Y Túrin, bajo el hechizo de Glaurung, oyó sus palabras, y se vio como en un espejo deformado por la malicia, y aborreció lo que veía.
Y mientras los ojos de Glaurung inmovilizaban su mente atormentada y no podía moverse, a una señal del Dragón los Orcos se llevaron el grupo de las cautivas, que pasaron junto a Túrin y cruzaron el puente. Entre ellas estaba Finduilas, que tendió los brazos hacia Túrin y lo llamó por su nombre. Pero Glaurung no lo dejó libre hasta que los gritos y lamentos de las mujeres se perdieron por el camino del norte; pero Túrin no pudo dejar de oír esas voces que lo perseguirían ya para siempre.
De pronto, Glaurung apartó la mirada y esperó; y Túrin se movió lentamente, como quien despierta de un sueño espantoso. Pero entonces volvió en sí con un fuerte grito y saltó sobre el Dragón. Glaurung, sin embargo, se rió, diciendo: —Si quieres morir, de buen grado te mataré. Pero poco les servirá eso a Morwen y Niénor. Hiciste caso omiso de los gritos de la mujer Elfa, ¿negarás también los vínculos de la sangre?

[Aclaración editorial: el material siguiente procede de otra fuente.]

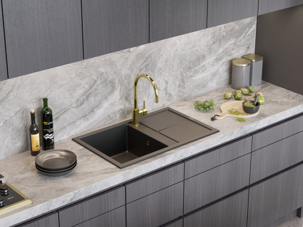 - Кухонная мойка изготовлена из матриала «Tetogranit», технология производства которого заключается в том, что частицы гранита, кварцевый песок и акриловую смолу объединяют в пресс-форме и обжигают при высокой температуре. Далее, для обеззараживания поверхности добавляют ионы серебра и волокна теторона (Tetoron), благодаря которым, на всём протяжении эксплуатации моек не происходит развитие бактерий, плесени и грибка. Также, при изготовлении моек из «Tetogranit» применяется специальный способ окрашивания частиц гранита: на их поверхность при температуре выше 700°С наносится пигмент, который за счет высокотемпературного нанесения проникает во внутренние структуры камня;
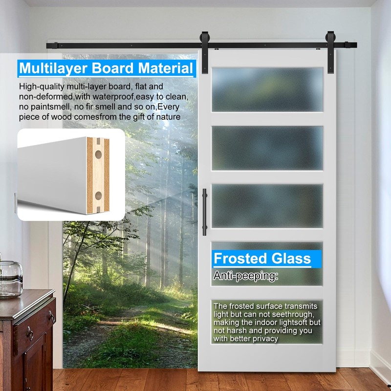 - 【High hardness Glass】 Frosted glass combines security and privacy.Tempered glass is more durable and also improves the inherent shortcomings of traditional wooden doors.Frosted glass interior barn door is made to allow natural light in,there is a sense of increasing space visually.
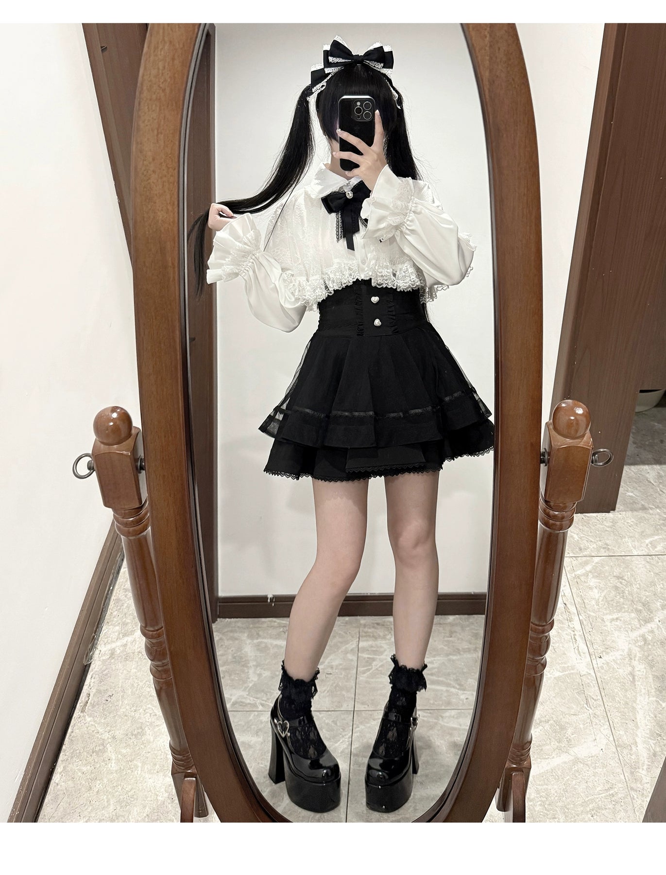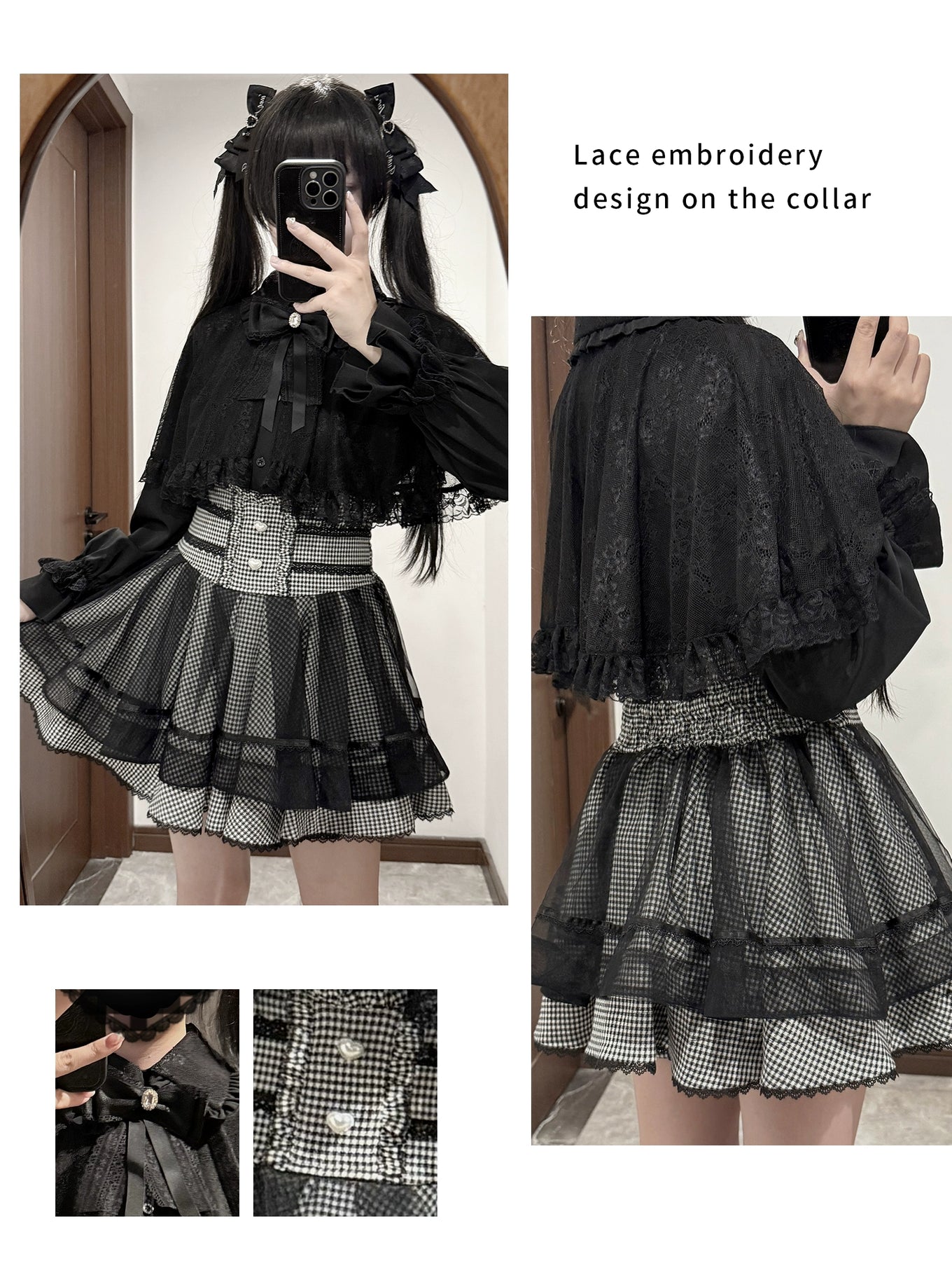 • Jirai Kei Outfit: Elegant lace cape blouse paired with high-waisted skirt, slimming and heightening, perfect for daily dates and occasions.

Pero Túrin, desenvainando la espada, lanzó un golpe contra sus ojos, aunque Glaurung retrocedió con rapidez y se alzó sobre él como una torre, diciendo:
—Al menos eres valiente. Más que cualquiera con quien me haya topado.Y mienten quienes dicen que nosotros no honramos el valor de los enemigos. ¡Mira! Te ofrezco la libertad. Ve con los tuyos si puedes. ¡Ve! Y si queda Elfo u Hombre para contar la historia de estos días, sin duda hablarán de ti con desprecio si desdeñas este regalo.

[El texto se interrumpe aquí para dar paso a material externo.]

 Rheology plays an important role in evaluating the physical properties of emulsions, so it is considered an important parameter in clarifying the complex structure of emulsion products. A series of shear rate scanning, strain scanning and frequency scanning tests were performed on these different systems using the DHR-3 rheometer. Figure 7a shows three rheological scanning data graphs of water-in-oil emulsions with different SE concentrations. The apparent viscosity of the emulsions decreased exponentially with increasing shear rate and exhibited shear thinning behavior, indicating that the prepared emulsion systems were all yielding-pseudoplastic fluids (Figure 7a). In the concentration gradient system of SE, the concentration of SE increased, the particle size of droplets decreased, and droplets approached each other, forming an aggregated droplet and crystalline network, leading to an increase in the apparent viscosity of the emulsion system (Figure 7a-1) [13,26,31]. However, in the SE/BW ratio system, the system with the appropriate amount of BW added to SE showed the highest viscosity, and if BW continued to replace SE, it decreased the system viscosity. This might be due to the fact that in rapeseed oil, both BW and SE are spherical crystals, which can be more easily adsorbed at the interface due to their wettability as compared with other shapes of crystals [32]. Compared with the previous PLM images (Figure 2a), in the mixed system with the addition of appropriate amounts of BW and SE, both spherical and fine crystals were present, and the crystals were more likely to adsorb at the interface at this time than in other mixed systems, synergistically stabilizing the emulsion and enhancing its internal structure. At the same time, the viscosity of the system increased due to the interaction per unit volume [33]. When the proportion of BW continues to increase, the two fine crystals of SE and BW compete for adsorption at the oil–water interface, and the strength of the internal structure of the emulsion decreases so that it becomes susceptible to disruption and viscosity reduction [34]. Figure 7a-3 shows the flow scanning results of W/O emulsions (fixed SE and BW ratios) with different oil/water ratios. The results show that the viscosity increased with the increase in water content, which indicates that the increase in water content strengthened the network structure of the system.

Entonces Túrin, todavía aturdido por los ojos del Dragón, como si tratara con un enemigo capaz de tener piedad, creyó en las palabras de Glaurung y, volviéndose se precipitó a la carrera por el puente. Pero mientras se iba, Glaurung dijo tras él con fiera voz:
-¡Ve de prisa a Dor-lómin, hijo de Húrin! O quizá los Orcos lleguen antes que tú otra vez.Y si te demoras por causa de Finduilas, nunca volverás a ver a Morwen o Niénor,y ellas te maldecirán.
Sin embargo,Túrin se alejó por el camino del norte, y Glaurung rió una vez más, porque había cumplido la misión que le encomendara su Amo. Entonces atendió a su propio placer, y echando su llamarada lo quemó todo. Puso en fuga a todos los Orcos que continuaban el saqueo, los expulsó de allí y les negó hasta el último objeto de valor. Luego destruyó el puente y lo arrojó a la espuma del Narog. Una vez estuvo de ese modo seguro, buscó todo el tesoro y las riquezas de Felagund y las amontonó, luego se tendió sobre ellas en el recinto más recóndito y descansó por un tiempo.